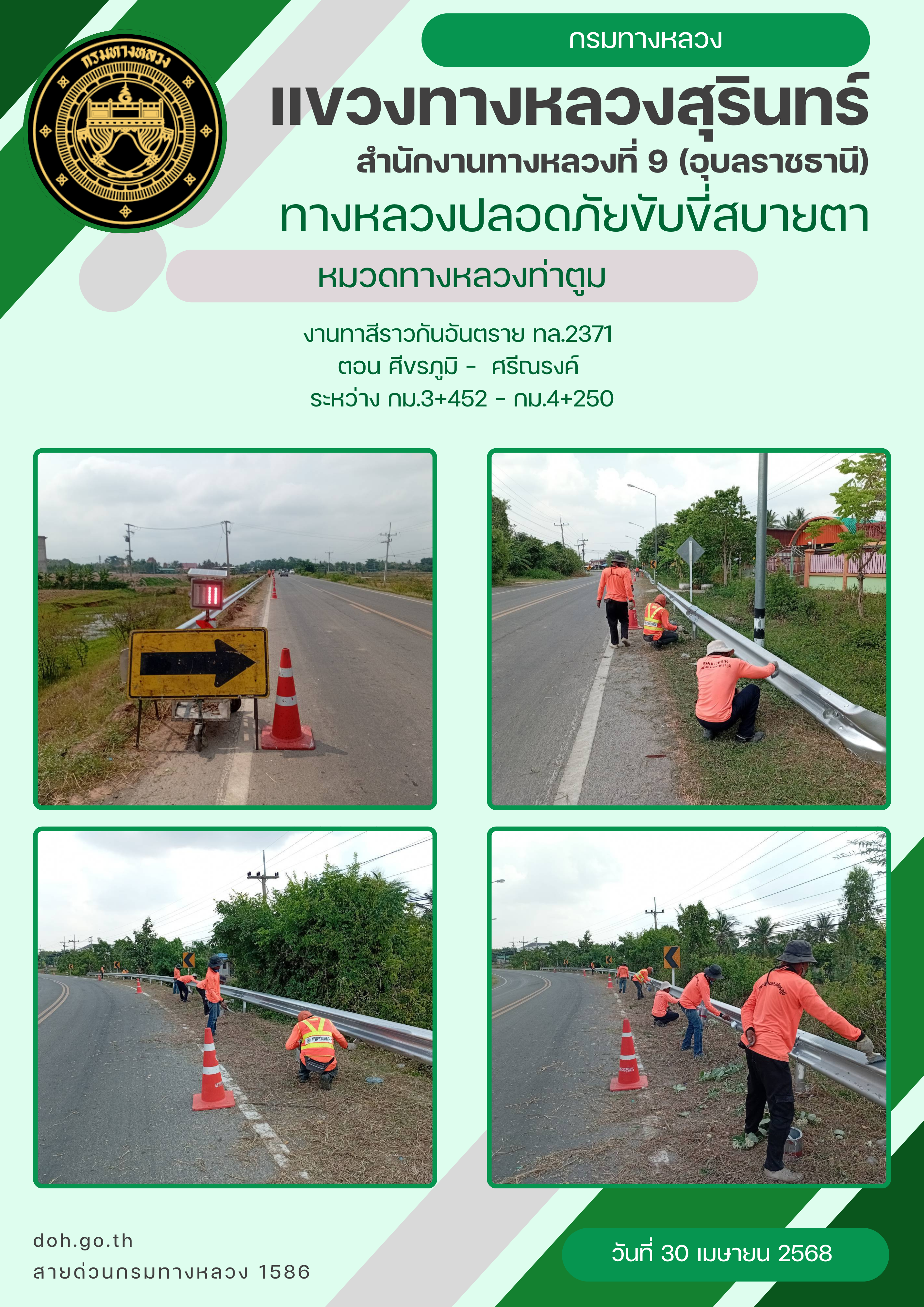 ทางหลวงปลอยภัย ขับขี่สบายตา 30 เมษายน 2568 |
________________________________________
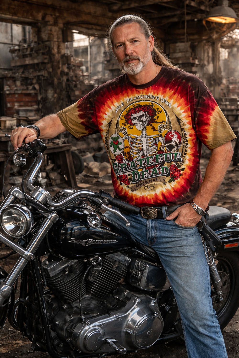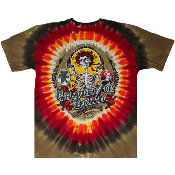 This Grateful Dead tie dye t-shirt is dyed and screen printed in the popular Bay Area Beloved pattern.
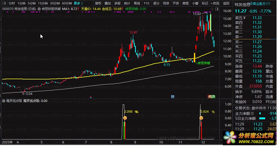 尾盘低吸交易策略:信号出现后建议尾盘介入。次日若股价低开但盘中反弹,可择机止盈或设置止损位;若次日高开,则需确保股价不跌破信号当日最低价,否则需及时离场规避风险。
________________________________________
Exercise aim: Would you output the lines above from the line holding "This Grateful Dead" up to and including the line holding "尾盘低吸交易策略:信号出现后", exactly and only those, with no pictures?

Written solution:
 This Grateful Dead tie dye t-shirt is dyed and screen printed in the popular Bay Area Beloved pattern.
 尾盘低吸交易策略:信号出现后建议尾盘介入。次日若股价低开但盘中反弹,可择机止盈或设置止损位;若次日高开,则需确保股价不跌破信号当日最低价,否则需及时离场规避风险。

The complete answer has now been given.